Homo rudolfensis: KNM-ER 1470

  • Geologic Age:

    1.9 Ma

  • Discovery Date:

    Aug 1972

  • Discovered By:

    Bernard Ngeneo

  • Discovery Location:

    Area 131, Koobi Fora, Kenya

  • Cranial Capacity:

    775 cc

  • Specimen Age:

    Young Adult

  • Original Publication:

    Leakey R.E.F. 1973.

    KNM-ER 1470 is an almost complete cranium missing aspects of its anterior face, including portions of the zygomatic and frontal bones. The cranium exhibits relatively reduced supraorbital tori, and lacks a distinct supraorbital sulcus2. KNM-ER 1470 exhibits moderate postorbital constriction (though not as pronounced as australopiths), and no evidence of a sagittal keel2. Overall, the cranium shows little indication of powerful chewing muscle attachments. No tooth crowns were recovered for KNM-ER 1470, but the roots and the preserved alveoli suggest that the incisors and canines (anterior teeth) were of substantial size2, and that the cheek teeth were relatively large3. The vault of the cranium is relatively high, with parietal eminences and steeply sloping sides3.

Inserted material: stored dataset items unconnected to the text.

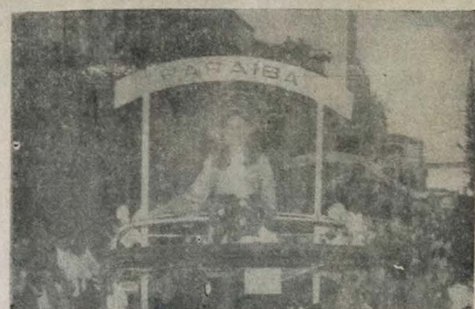
Bela de Paraíba sorri em carro alegórico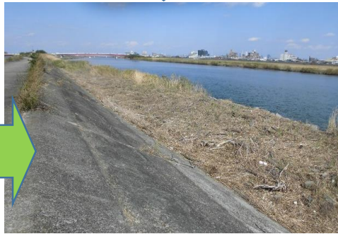
きれいになりました。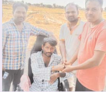
నిమిత్తం వారికి అండగా ఉండేందుకు స్నేహితులంతా సహకరించాలని కోరారు.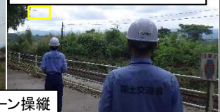
球磨川第4橋りょう(湯前方)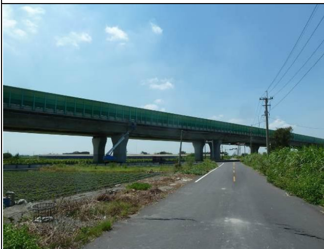
計畫區附近的環境照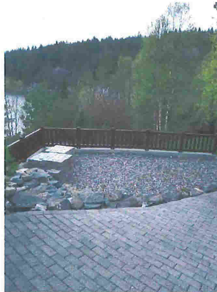
Alt. 2 Begrenset innsyn fra sjøen mot biloppstillingsplass.

Plasseringen gir begrenset skråningsutslag mot stigende terreng i øst, og tilsvarende lav støttemur på nedsiden av biloppstillingsplassen mot vest. Løsningen vurderes derfor som både hensiktsmessig i forhold til bruk og godt løst med tanke på naturgitte omgivelser til tilstøtende areal.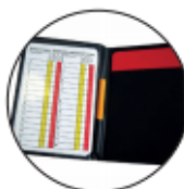
NOTITIEBOEK € 7,00

    There is much debate as to whether or not Homo habilis and Homo rudolfensis are the same species. If they are considered separate species, KNM-ER 1470 is a good representation of the latter. The face of KNM-ER 1470 is relatively long in comparison with the H. habilis specimen KNM-ER 1813, and has a larger cranial capacity and larger cheek teeth3. Some argue that these specimens represent the male and female counterparts of a single species with marked sexual dimorphism, while others argued that the two fossils represent different species.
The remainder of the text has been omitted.